▶ [TASK DESCRIPTION] Starting at the line below that contains "Paar gelbe Glasvasen." and ending at the line that contains "Birthday happiness is", retype each line exactly as it stands, but omit the pictures.

▶ [RECORDS SHOWN]
/---

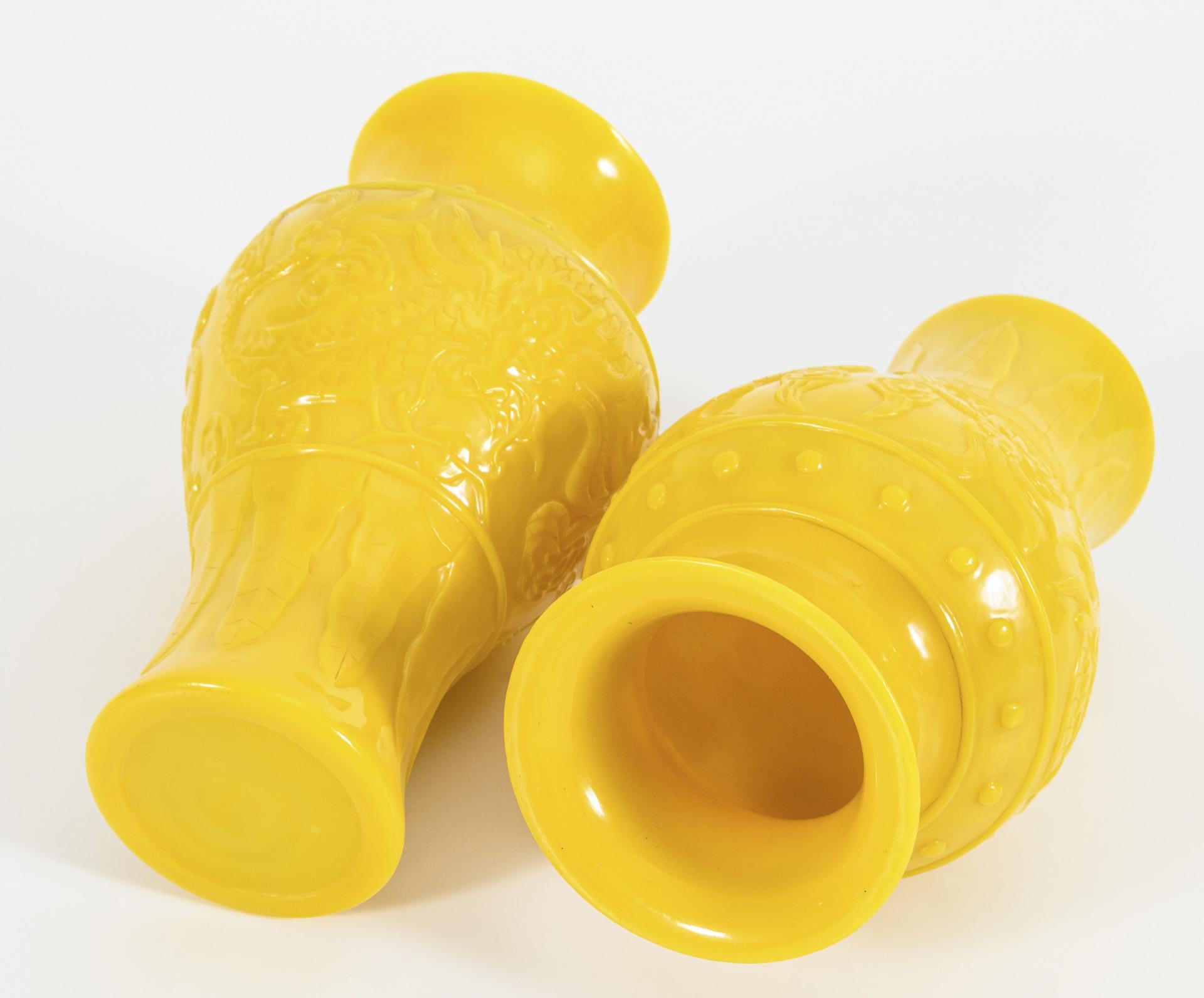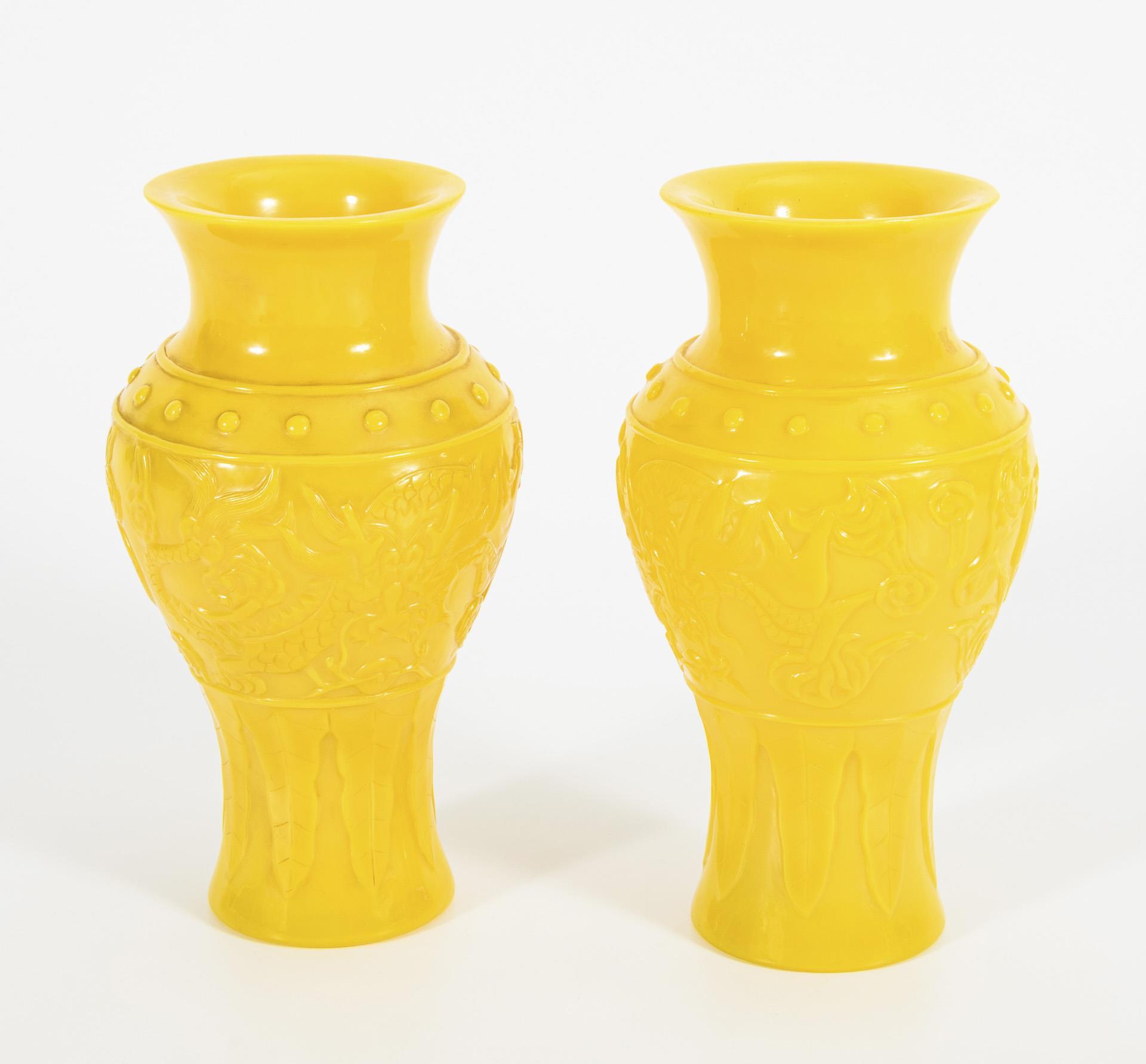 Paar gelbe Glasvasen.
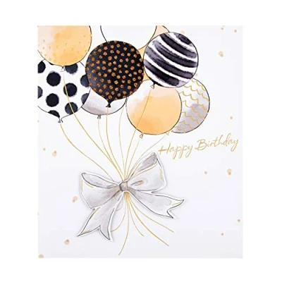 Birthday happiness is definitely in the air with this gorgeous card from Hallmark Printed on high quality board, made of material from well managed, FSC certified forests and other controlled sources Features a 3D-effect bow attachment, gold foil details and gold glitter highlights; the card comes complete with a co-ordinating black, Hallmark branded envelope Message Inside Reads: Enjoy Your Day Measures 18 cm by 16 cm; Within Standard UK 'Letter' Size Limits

\---
/---

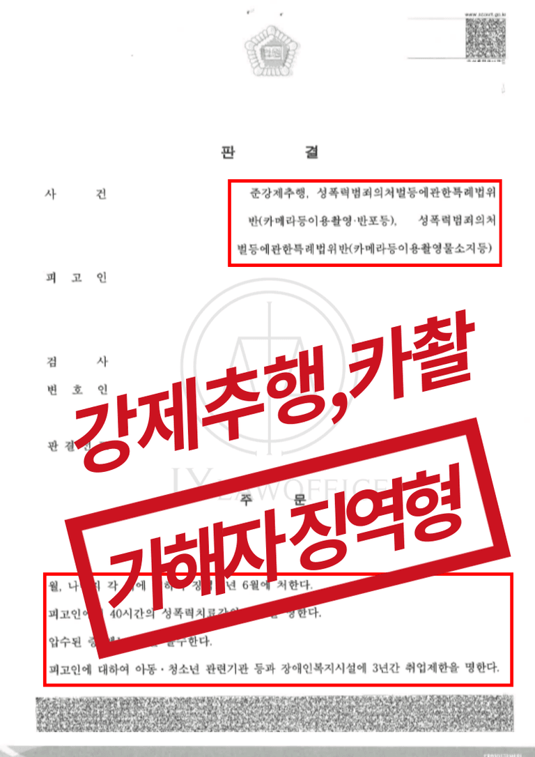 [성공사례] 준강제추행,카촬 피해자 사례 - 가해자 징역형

\---
/---

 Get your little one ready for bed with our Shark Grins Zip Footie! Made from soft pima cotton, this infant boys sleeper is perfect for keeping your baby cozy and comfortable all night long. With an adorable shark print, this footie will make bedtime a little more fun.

\---

▶ [TASK RESPONSE]
 Paar gelbe Glasvasen.
 Birthday happiness is definitely in the air with this gorgeous card from Hallmark Printed on high quality board, made of material from well managed, FSC certified forests and other controlled sources Features a 3D-effect bow attachment, gold foil details and gold glitter highlights; the card comes complete with a co-ordinating black, Hallmark branded envelope Message Inside Reads: Enjoy Your Day Measures 18 cm by 16 cm; Within Standard UK 'Letter' Size Limits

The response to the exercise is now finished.